While this is valid JSON (a root object can be either an object or an array), Flask will only allow objects at the root level to prevent stuff like this. However, asking a schema to create a dictionary if it serializes a collection isn't hard to do at all:

In [12]:
from marshmallow import post_dump

class QuoteSchema(Schema):
    class Meta:
        additional = ('person', 'quote')
    
    @post_dump(raw=True)
    def wrap_if_many(self, data, many=False):
        if many:
            return {'quotes': data}
        return data
    
pprint(QuoteSchema(many=True).dump(quotes).data)
{'quotes': [{'person': 'Herbert West',
             'quote': 'I was busy pushing bodies around as you well know '
                      "and what would a note say, Dan? 'Cat dead, details "
                      "later'?"},
            {'person': 'Jack Burton',
             'quote': "You remember what ol' Jack Burton always says at a "
                      "time like that: 'Have ya paid your dues, Jack?' "
                      "'Yessir, the check is in the mail.'"},
            {'person': 'Igor',
             'quote': "Well, why isn't it Froaderick Fronkensteen?"}]}
In [13]:
Image(url="http://i.imgur.com/BUtt2Jd.gif")
Out[13]:

Step Three: Briefly Flask

Now that the Quote objects can be correctly serialized to JSON, feeding it from Flask is easy peasy.

In [ ]:
from flask import Flask, jsonify

app = Flask('notebooks')
# reuse the same QuoteSchema instance rather than creating new with each request
QuoteSerializer = QuoteSchema()

@app.route('/quote/<int:id>')
def single_quote(idx):
    if not 0 <= idx < len(quotes):
        # flask allows return a tuple of data, status code, headers (dict)
        # status code is 200 by default
        data = {'error': 'quote out of range'}, 400
    else:
        data = QuoteSerializer.dump(quote[idx]).data
    return data

Step Four: Deserialization

However, only getting a quote is pretty simple stuff. What if we wanted to create new Quote objects from JSON? This is pretty easy to do by hand with Flask's request object (note: the request.get_json method is currently the recommended method for plucking JSON out of the request rather than using the request.json attribute):

In [ ]:
from flask import request

@app.route('/quote/', methods=['POST'])
def make_new_quote():
    # get_json returns dict or None on failure
    json = request.get_json()
    if json and 'quote' in json:
        quotes.append(Quote(person=json['person'], quote=json['quote']))
        msg = {'success': True, 'msg': 'Added quote.'}
    else:
        msg = {'success': False, 'msg': 'must specify quote in JSON request'}, 400
    return msg

However, if we're deserializing complex objects, say a tracklist that has an attribute that holds track objects which reference artist objects. Pretty soon manually deserializing an object becomes quite...messy. However, there is a better way. Marshmallow not only serializes objects, but will also handle deserialization if we give it a little bit of help:

In [14]:
class QuoteSchema(Schema):
    class Meta:
        additional = ('person', 'quote')
    
    @post_dump(raw=True)
    def wrap_if_many(self, data, many=False):
        if many:
            return {'quotes': data}
        return data
    
    def make_object(self, data):
        assert 'person' in data and 'quote' in data, "Must specify person and quote in request"
        return Quote(person=data['person'], quote=data['quote'])
    
QuoteSchema().load({"person": "Ash", "quote": "Good. Bad. I'm the guy with the gun."}).data
Out[14]:
Quote(person='Ash', quote="Good. Bad. I'm the guy with the gun.")

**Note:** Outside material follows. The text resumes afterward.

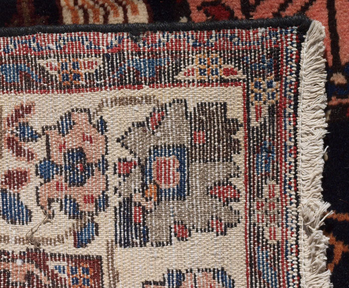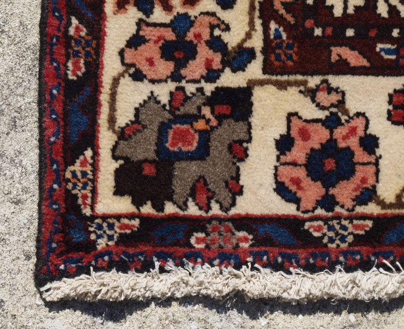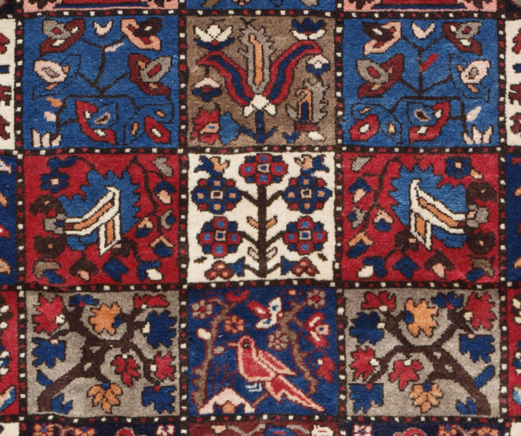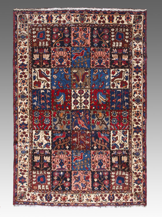 PERSIAN BACHTIARI HAND KNOTTED WOOL RUG, 5'6'' x 7'5'': This very pretty rug has a traditional Bachtiari garden pattern in which the field of the rug is divided into panels that have depictions of different plants and flowers as well as birds, all separated by lines which represent streams of water. Thus the image of a lush garden is represented from a land where verdant landscapes are rare. The red, blues, beiges, and ivory pallette of the rug is also pleasing and the condition is very good.

Just the opposite of what we had before. Dictionary in, Object out. We can also deserialize a collection as well:

In [15]:
QuoteSchema(many=True).load([
        {'person':'Ash', 'quote':"Good. Bad. I'm the guy with the gun."}, 
        {'person': 'Shaun', 'quote': "You've got red on you."}
]).data
         
Out[15]:
[Quote(person='Ash', quote="Good. Bad. I'm the guy with the gun."),
 Quote(person='Shaun', quote="You've got red on you.")]

Hopefully the advantage of using Marshmallow for even sending and receiving simple JSON objects is apparent. With 11 lines we can take an object and cast it to a dictionary and we can take a dictionary with certain keys and build an object with it. Sure, we're just serializing and deserializing a namedtuple..."But that's how it always begins. Very small."

In [16]:
Image(url="http://i.imgur.com/zvv3ymL.gif")
Out[16]:

Step Five: Routing with Flask-Restful

Flask-Restful is a great library that builds on top of Flask's MethodView and makes it pretty easy to support multiple API styles (XML, CSV, JSON, etc). It ships with JSON serialization by default, leaving the others up to the user to implement. There's a bunch of other features as well, but I'm only to tread on the incredibly useful routing mechanism in place here.

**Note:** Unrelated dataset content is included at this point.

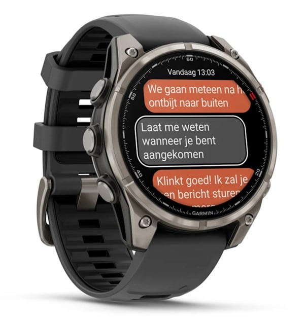 Via een satelliet- of LTE-verbinding kunnen berichten rechtstreeks vanaf je smartwatch worden gedeeld met andere gebruikers van de Garmin Messenger app. De app synchroniseert automatisch met je contactpersonen wanneer je smartwatch is gekoppeld met je smartphone.

All we need to do to hook into this is to inherit from flask_restful.Resource and return dictionaries from our methods. Dictionaries like the ones produced by Marshmallow. Changing the routing from vanilla Flask routing to class based is a little weird at first, but it quickly becomes very intuitive.

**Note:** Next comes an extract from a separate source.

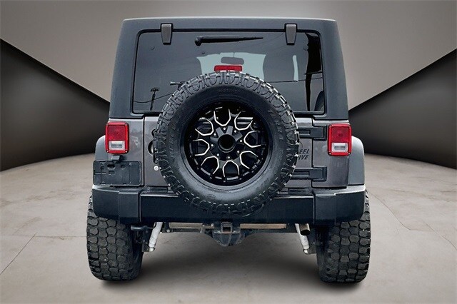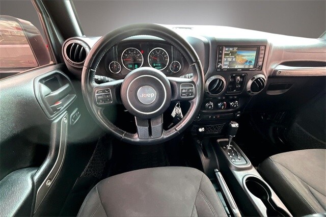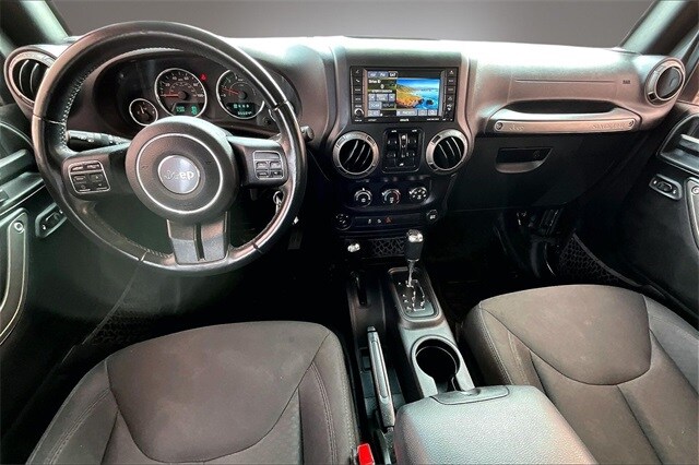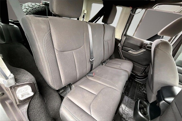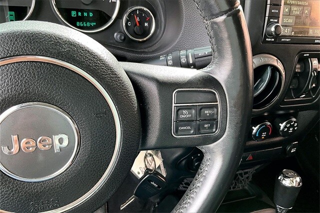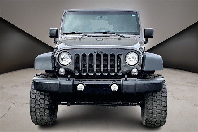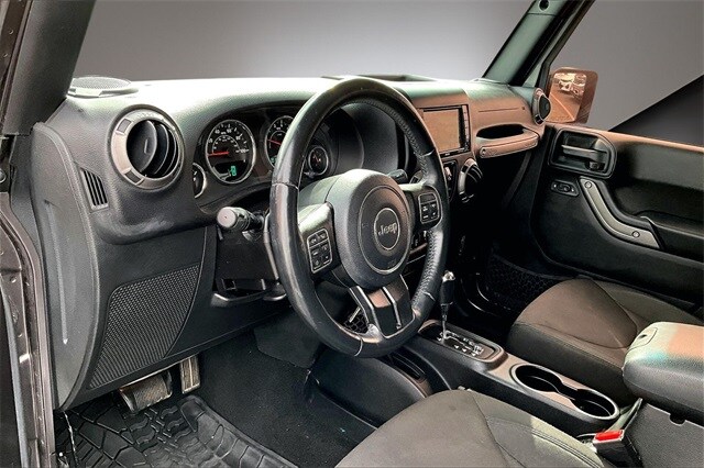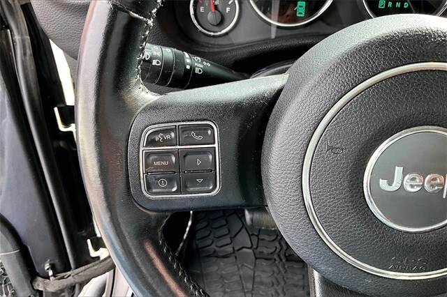 Connectivity Group (Remote USB Port, Tire Pressure Monitoring Display, Uconnect Voice Command w/Bluetooth, and Vehicle Information Center), Quick Order Package 24W Willys Wheeler (1-Yr SiriusXM Radio Service, 4-Wheel Drive Swing Gate Decal, Anti-Spin Differential Rear Axle, Auto-Dimming Mirror w/Reading Lamp, Black Jeep Grille Badge, Deep Tint Sunscreen Windows, Front 1-Touch Down Power Windows, Jeep Trail Rated Kit, Low Gloss Black Wrangler Decal, MOPAR Slush Mats, Performance Suspension, Power Convenience Group, Power Heated Mirrors, Power Locks, Rear Passenger Assist Handles Kit, Remote Keyless Entry, Security Alarm, SIRIUS Satellite Radio, Wheels: 17" x 7.5" High Gloss Black Willys, Willys Hood Decal, and Willys Wheeler Grille), Trailer Tow Group (Class II Receiver Hitch and Trailer Tow w/4-Pin Connector Wiring), Willys Wheeler Package, 16" x 7.0" Luxury Styled Steel Wheels, 4-Wheel Disc Brakes, 8 Speakers, ABS brakes, Air Conditioning, AM/FM radio, Audio Jack Input for Mobile Devices, Black 3-Piece Hard Top, Brake assist, CD player, Cloth Seats w/Adjustable Head Restraints, Compass, Delete Sunrider Soft Top, Driver door bin, Driver vanity mirror, Dual front impact airbags, Electronic Stability Control, Freedom Panel Storage Bag, Front anti-roll bar, Front Bucket Seats, Front Center Armrest w/Storage, Front fog lights, Integrated roll-over protection, Low tire pressure warning, Manufacturer's Statement of Origin, Normal Duty Suspension, Occupant sensing airbag, Outside temperature display, Passenger door bin, Passenger vanity mirror, Power steering, Radio: 130, Radio: 430, Rear anti-roll bar, Rear Window Defroster, Rear Window Wiper/Washer, Speed control, Split folding rear seat, Steering wheel mounted audio controls, Sunrider Soft Top, Tachometer, Tilt steering wheel, Tinted Rear Quarter & Liftgate Windows, Traction control, Trip computer, and Variably intermittent wipers. Recent Arrival! Odometer is 25862 miles below market average!

And, since the methods for deserialization are in place, let's also handle accepting JSON and appending quotes to our little list.

In [17]:
from flask.ext.restful import Resource
from flask import request

class SingleQuote(Resource):
    def get(self, idx):
        if idx and 0 <= idx < len(quotes):
            # flask-restful also allows data, status code, header tuples
            return QuoteSerializer.dump(quotes[idx]).data
        return {'error': 'quote index out of range'}, 400

class ListQuote(Resource):
    def get(self):
        return QuoteSerializer.dump(quotes, many=True).data
    
    def post(self):
        json = request.get_json()
        if not json:
            return {"success": False, "msg": "malformed request"}, 400
            
        if not 'quote' in json:
            return {"success": False, "msg": "must specify quote in request"}, 400
        
        else:
            # remember QuoteSchema.make_object causes an assert
            try:
                q = QuoteSerializer.load(request['json']).data
            except AssertionError as e:
                return {'success': False, 'msg': str(e)}, 400
            else:
                quotes.append(q)
                return {"success": True, "msg": "Quote added."}

And then we simply register these resources on an API object that's hooked up to our application:

In [ ]:
from flask.ext.restful import Api

api = Api(app)
api.register_resource(SingleQuote, '/quote/<int:id>')
api.register_resource(ListQuote, '/quotes')

Step Six: Persistence with SQLA

This is great and all, but these quotes will only last as long as the session runs. If we need to restart, we lose it all except for the preloaded quotes. To achieve real persistence, we should shake up with a database. SQLite is a good choice for this, plus bindings come native with Python.

In [ ]:
from flask.ext.sqlalchemy import SQLAlchemy

app.config['SQLALCHEMY_DATABASE_URI'] = 'sqlite:///quotes.db'

db = SQLAlchemy(app)

class Quote(db.Model):
    
    id = db.Column(db.Integer, primary_key=True)
    person = db.Column(db.Unicode(50))
    quote = db.Column(db.UnicodeText)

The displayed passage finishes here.